[Stored data]
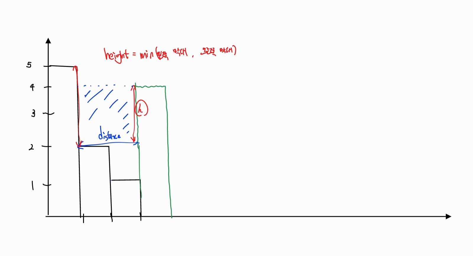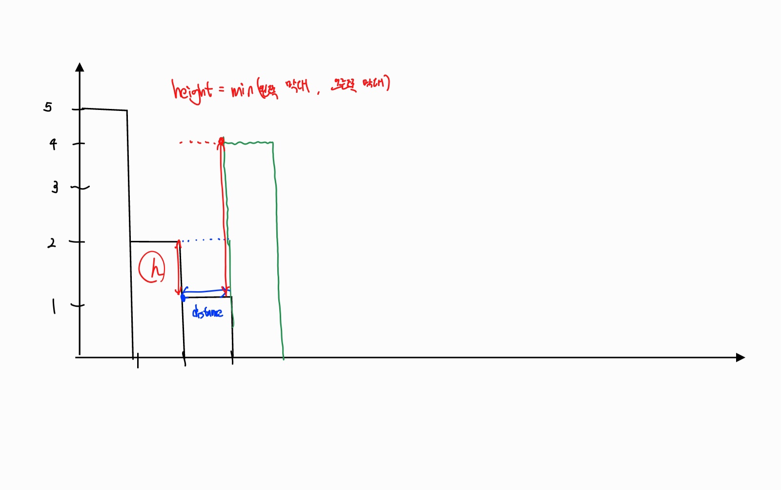 이 때 채울 수 있는 물의 양은 막대 하나와 새 막대의 거리 * min(왼쪽 막대, 오른쪽 막대) 높이 차 로 각 막대와 새 막대의 차이 때문에 담을 수 있는 물의 양을 구합니다.
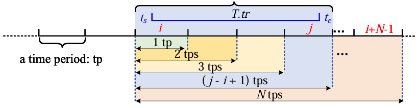 定义2.(TB:时间箱)。TBi,j是从第i个时间段开始到第j个时间段结束的时间箱。注意,i ≤ j。
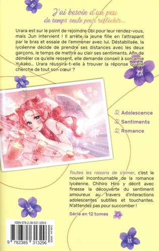 Urara est sur le point de rejoindre Obi pour leur rendez-vous, mais Jun intervient ! Il arrête la jeune fille en l'attrapant par le bras et essaie de l'emmener avec lui. Déstabilisée, la lycéenne décide de prendre ses distances avec les deux garçons, le temps de mettre au clair ses sentiments. Afin de démêler ce qu'elle ressent, elle demande conseil à son amie Yukako... Urara réussira-t-elle à trouver la réponse qu'elle cherche de tout son coeur ? J'ai besoin d'un peu de temps seule pour réfléchir... Toutes les raisons de s'aimer, c'est le nouvel incontournable de la romance lycéenne. Chihiro Hiro y décrit avec finesse la découverte du sentiment amoureux au travers d'interactions adolescentes subtiles et touchantes. N'attendez pas pour succomber !
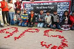 Yearly anniversary tributes are held in Peshawar, Pakistan with prayers, memorials and candlelight vigils. The main ceremony is held at the Peshawar Army Public School, with the parents of victims and Pakistani army officers in attendance, with portraits of victims displayed in the school and along the road into the city.[62] From the first anniversary of the massacre, Pakistan Children's Day was moved to 16 December.[63][64]
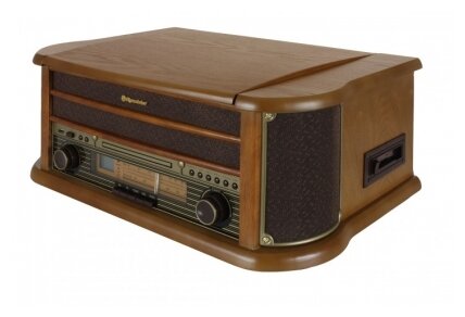 Belt drive, speeds 33, 45 and 78 rpm, electronic switching, cartridge included, cover included, built-in phono stage, electronic speed switching, autostop, built-in acoustics
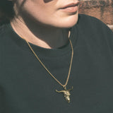 Bull Skull Brass Pendant With 18k Gold Box Chain Model Shot
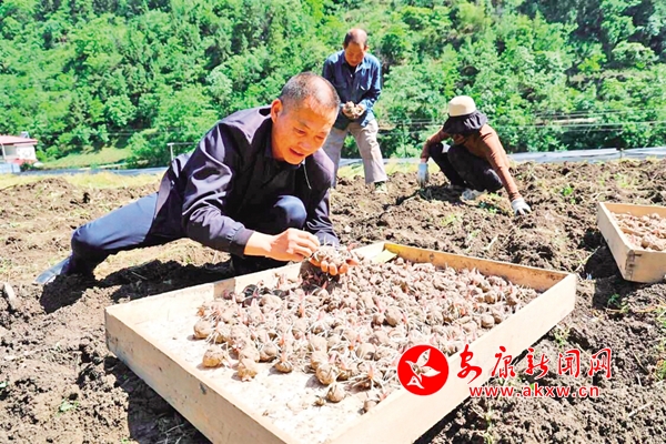 藺河鎮(zhèn)蔣家關(guān)村產(chǎn)業(yè)大戶(hù)、立新魔芋農(nóng)民專(zhuān)業(yè)合作社負(fù)責(zé)人的王永成,挑選基地培育適應(yīng)當(dāng)?shù)卦苑N高產(chǎn)魔芋種子下田。
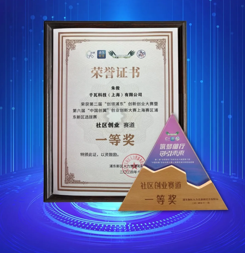 11月20日,第二屆“創領浦東”創新創業大賽暨第六屆“中國創翼”創業創新大賽上海賽區浦東新區選拔賽頒獎典禮在洋涇社區文化中心舉辦,千瓦科技榮獲“社區創業”賽道一等獎,現場與來自各行各業的創新者們共同慶祝這一榮耀時刻。
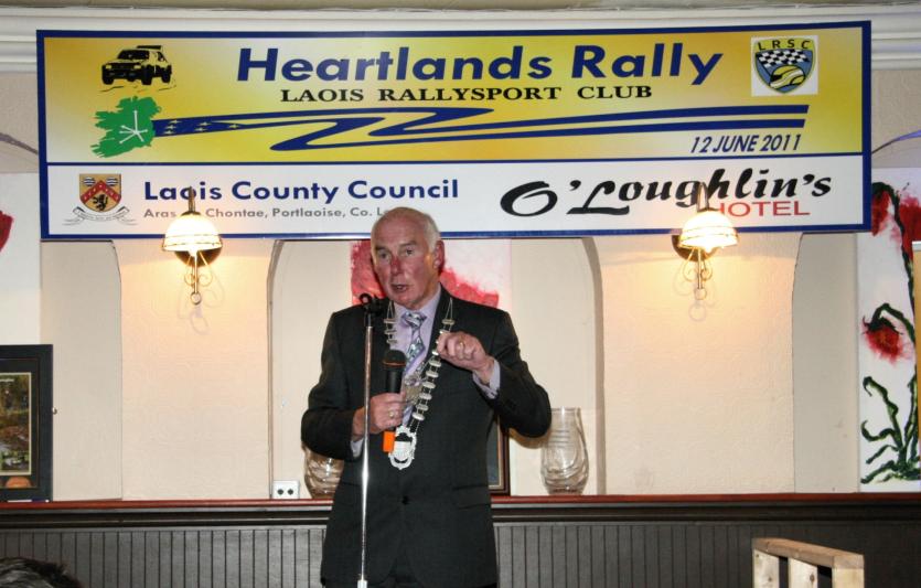 Cathaoirleac of Portlaoise Town Council Jerry Lodge addressing the launch in O'Loughlins Hotel of the Laois Rallysport Club's Heartlands Stages Rally supported by main sponsors Laois County Council and O'Loughlins Hotel Portlaoise, Photo:Tim Keane.

--- Exercise aim ---
Starting at the line that contains "Belt drive, speeds" and ending with the last line of the data, transcribe every line exactly; skip the pictures.

--- Expected answer ---
 Belt drive, speeds 33, 45 and 78 rpm, electronic switching, cartridge included, cover included, built-in phono stage, electronic speed switching, autostop, built-in acoustics
 Bull Skull Brass Pendant With 18k Gold Box Chain Model Shot
 藺河鎮(zhèn)蔣家關(guān)村產(chǎn)業(yè)大戶(hù)、立新魔芋農(nóng)民專(zhuān)業(yè)合作社負(fù)責(zé)人的王永成,挑選基地培育適應(yīng)當(dāng)?shù)卦苑N高產(chǎn)魔芋種子下田。
 11月20日,第二屆“創領浦東”創新創業大賽暨第六屆“中國創翼”創業創新大賽上海賽區浦東新區選拔賽頒獎典禮在洋涇社區文化中心舉辦,千瓦科技榮獲“社區創業”賽道一等獎,現場與來自各行各業的創新者們共同慶祝這一榮耀時刻。
 Cathaoirleac of Portlaoise Town Council Jerry Lodge addressing the launch in O'Loughlins Hotel of the Laois Rallysport Club's Heartlands Stages Rally supported by main sponsors Laois County Council and O'Loughlins Hotel Portlaoise, Photo:Tim Keane.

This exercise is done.